▶ _Task_
Starting at the top of the listing, extract every line up to and including the one with "福本 準一さんの地格は15画の4点!". Pictures stay out of the copy.

▶ _Dataset entries_

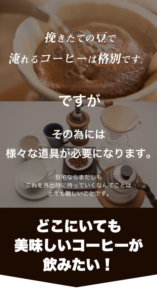 コーヒーを淹れる場合は熱いお湯が必要かと思いますが、出先で使用するとなるとお湯はどこかで調達するようになりますか? 保温性能がある容器だとしてもコーヒーを淹れることのできる温度で保温できる時間はどの程度でしょうか? お湯と入れたコーヒーを保温しておく容器は同じところになりますか?
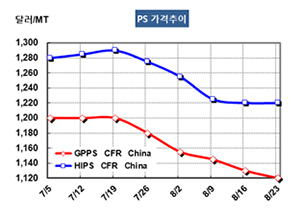 HIPS, CFR SEA 1160달러로 30달러 떨어져 … 위안화 약세 위력적
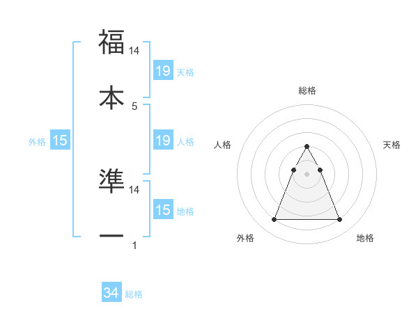 福本 準一さんの地格は15画の4点!
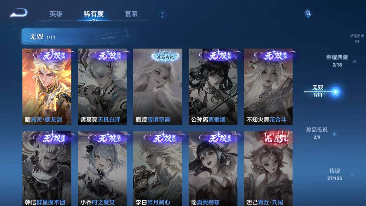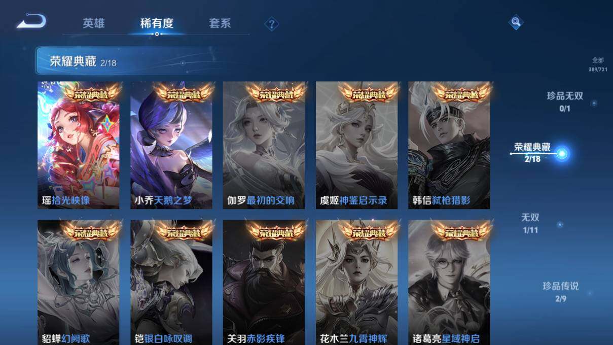 - PX_2111818-Q/至圣王者/257皮肤/124英雄/1典藏/1珍品无双/4无双/4珍品传说/16传说/72史诗/8稀有英雄 【1 珍品无双】馥梦繁花, 【4 珍品传说】酷洛米之心 安琪拉,朽木白哉 暃,黑崎一护 宫本武藏,怪盗基德 马可波罗, 【1 典藏皮肤】幻阙歌 貂蝉, 【4 无双皮肤】天机白泽 诸葛亮,时之魔女 小乔,青丘·九尾 妲己,花合斗 不知火舞, 【16 传说皮肤】启明星使
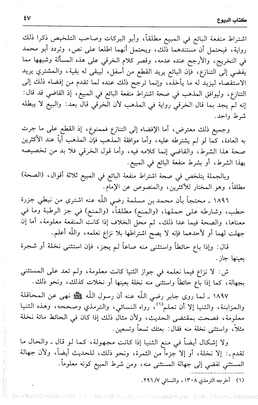 وبالجملة يتلخص في صحة اشتراط منفعة البائع في المبيع ثلاثة أقوال ، ( الصحة ) مطلقاً ، وهو المختار للأكثرين ، والمنصوص عن الإمام .
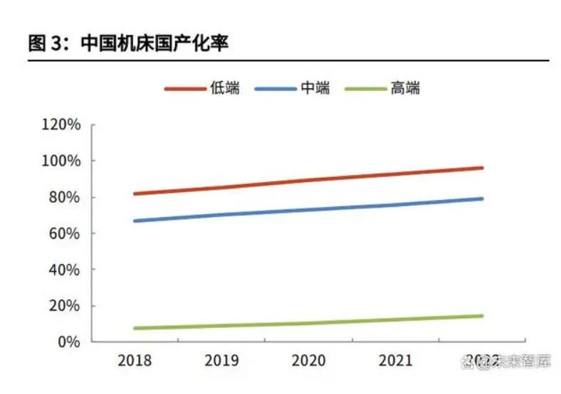 目前我國低端數(shù)控機(jī)床基本達(dá)到自給自足,中端數(shù)控機(jī)床基本實現(xiàn)國產(chǎn)替代,但 高端數(shù)控機(jī)床國產(chǎn)化率仍處于較低水平。根據(jù)科德數(shù)控公告,截至 2022 年底國內(nèi)高端機(jī)床國產(chǎn)化率不足 10%。據(jù)中國機(jī)床工具工業(yè)協(xié)會數(shù)據(jù),2023 年金屬切削機(jī)床數(shù)控化率為 45.5%。在發(fā)達(dá)國家中,日本機(jī)床數(shù)控化率維持在 80%以上,美國和德國機(jī)床數(shù)控化率均超 過 70%,與之相比國內(nèi)機(jī)床數(shù)控化率提升空間較大。
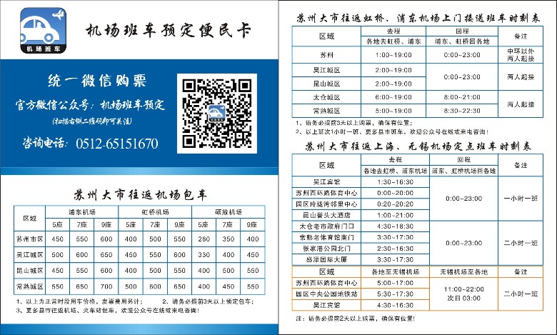 为了解决您来回奔波上海虹桥、浦东机场之苦,我们特别为您提供了专业周到的机场接送班车服务,先进的车辆调度和客户管理系统,保证每天准点发班,风雨无阻,我们提供的所有车辆都有正规的具有运营资质的车辆,每个座位都为乘客买了保险,请放心乘坐! 购票方式一:在线公众号购票(推荐)1、添加(长按二维码或扫描)并关注我们公司“机场班车预定”公众号;
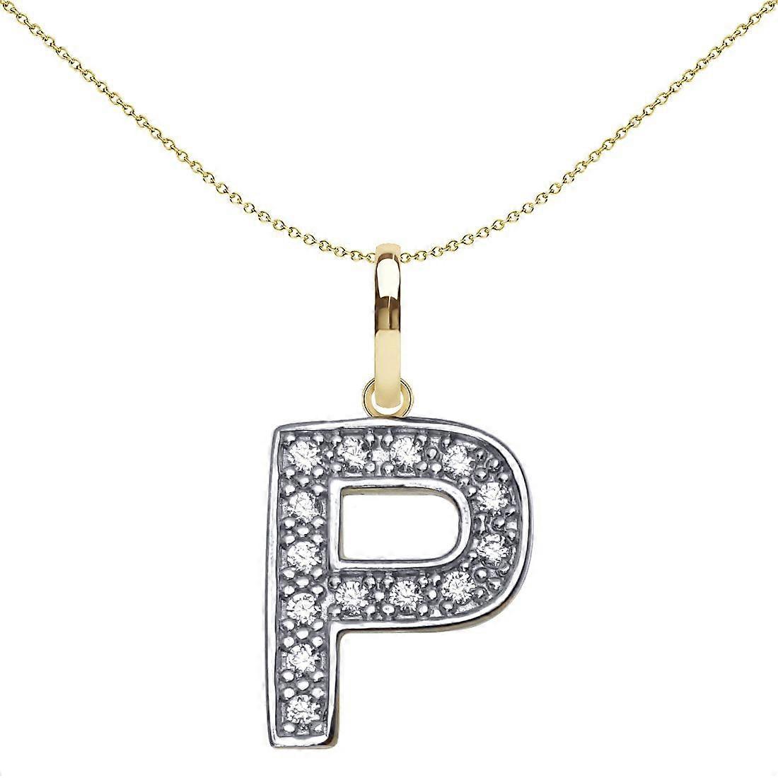 Jewelco London Solid 9ct Yellow and White Gold Cubic Zirconia 15mm San Serif Block Font Initial Charm Pendant, Letter P
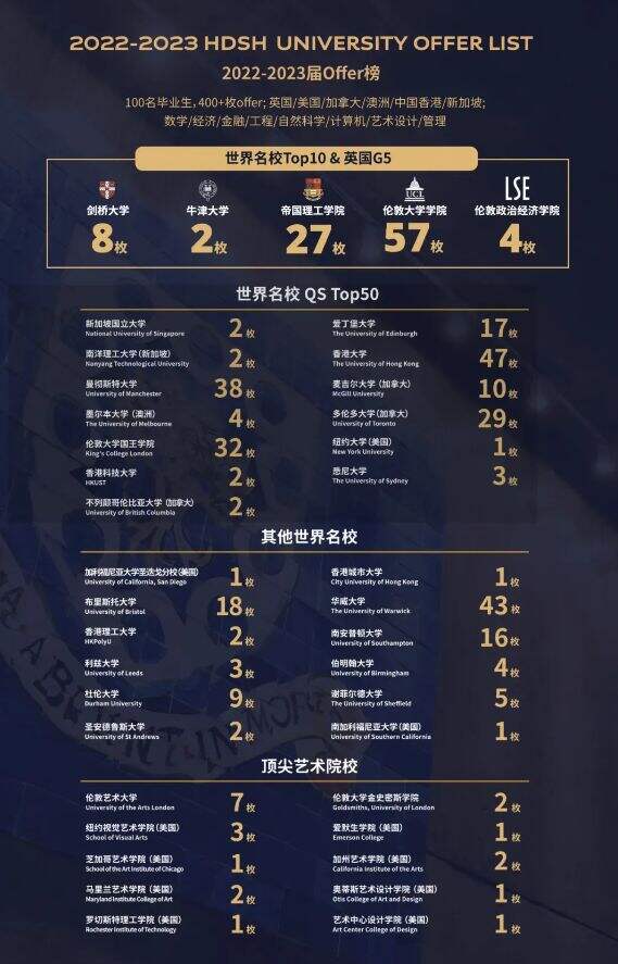 上海赫贤学校过往两届即2022届和2023届毕业生共计100人,收获了400余份来自英国、美国、加拿大、澳大利亚、新加坡、中国香港等国家和地区知名大学的录取,包括8枚剑桥大学、2枚牛津大学、27枚帝国理工学院、57枚伦敦大学学院及4枚伦敦政治经济学院录取,55%的毕业生成功进入英国G5大学,70%的毕业生进入QS排名世界前30大学就读。

▶ _Your response_
 コーヒーを淹れる場合は熱いお湯が必要かと思いますが、出先で使用するとなるとお湯はどこかで調達するようになりますか? 保温性能がある容器だとしてもコーヒーを淹れることのできる温度で保温できる時間はどの程度でしょうか? お湯と入れたコーヒーを保温しておく容器は同じところになりますか?
 HIPS, CFR SEA 1160달러로 30달러 떨어져 … 위안화 약세 위력적
 福本 準一さんの地格は15画の4点!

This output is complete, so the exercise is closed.